PROBLEM DESCRIPTION: Exact retyping of the data: please keep every word and drop each picture.

INPUT DATA:
┄┄┄┄┄┄┄┄┄┄┄┄┄┄┄┄┄┄┄┄
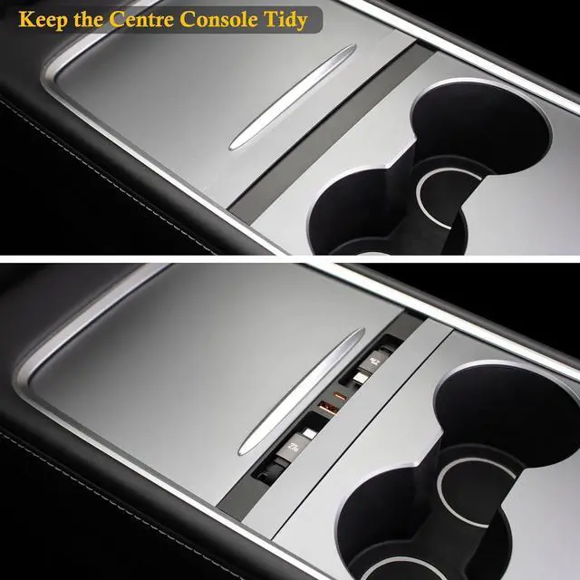 Multi-purpose & Never Affect Car FunctionalityTesla USB hub docking station supports 30W fast charging and normal charging, perfect for charging electronic devices such as your phones, iPads, game boards, power bank, earphones, digital camera etc. The use of sliding lid and storage box is completely unaffected.
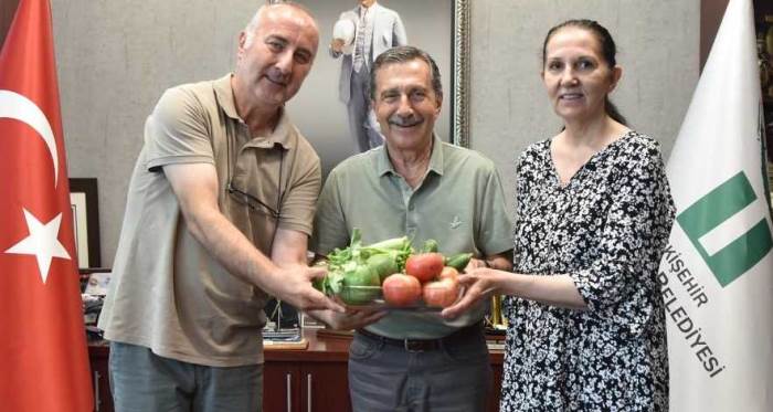 Eskişehir'de Batıkent Gönüllü Bahçelerinde 26 çeşit sebze yetiştirmeyi başaran emekli Nurten ve Metin Güler çifti, Tepebaşı Belediye Başkanı Dt. Ahmet Ataç’ı da makamında ziyaret ederek yetiştirdikleri ürünlerden armağan etti.
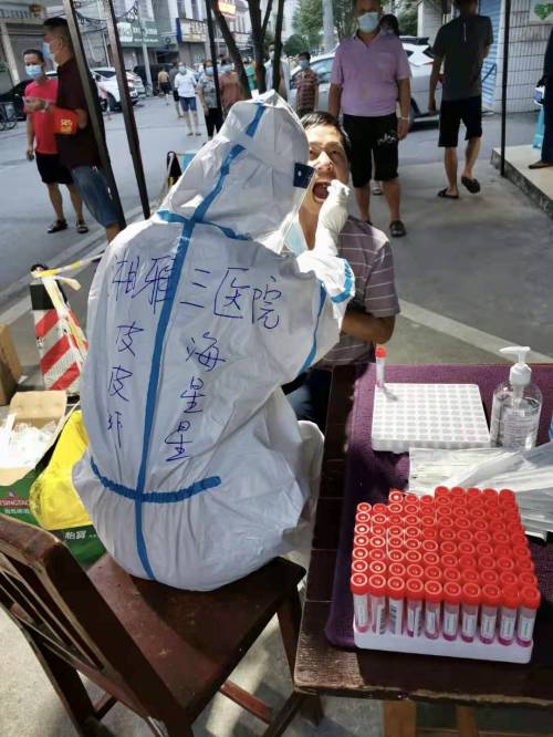 余晓老师在每个采集点进行巡查,及时观察队员们有无不适,不允许我们硬撑。与志愿者的工作配合默契后,采集进度加快很多,贴身的衣服早已被汗水浸得透湿,背靠着社区人员送来的冰块,背上一丝凉,心却无比暖。夜深至凌晨,一日的采集工作才结束,疲惫不堪的队员们脱下防护服,已是汗珠密布,双手泡白,没有一丝怨言,满是成就。每段青春都会老去,但我们的记忆里会永远为这段抗疫经历留下一个位置。希望这辛劳与付出,能给张家界筑起一道道抗击疫情的坚实防线。
┄┄┄┄┄┄┄┄┄┄┄┄┄┄┄┄┄┄┄┄
EXERCISE RESULT:
 Multi-purpose & Never Affect Car FunctionalityTesla USB hub docking station supports 30W fast charging and normal charging, perfect for charging electronic devices such as your phones, iPads, game boards, power bank, earphones, digital camera etc. The use of sliding lid and storage box is completely unaffected.
 Eskişehir'de Batıkent Gönüllü Bahçelerinde 26 çeşit sebze yetiştirmeyi başaran emekli Nurten ve Metin Güler çifti, Tepebaşı Belediye Başkanı Dt. Ahmet Ataç’ı da makamında ziyaret ederek yetiştirdikleri ürünlerden armağan etti.
 余晓老师在每个采集点进行巡查,及时观察队员们有无不适,不允许我们硬撑。与志愿者的工作配合默契后,采集进度加快很多,贴身的衣服早已被汗水浸得透湿,背靠着社区人员送来的冰块,背上一丝凉,心却无比暖。夜深至凌晨,一日的采集工作才结束,疲惫不堪的队员们脱下防护服,已是汗珠密布,双手泡白,没有一丝怨言,满是成就。每段青春都会老去,但我们的记忆里会永远为这段抗疫经历留下一个位置。希望这辛劳与付出,能给张家界筑起一道道抗击疫情的坚实防线。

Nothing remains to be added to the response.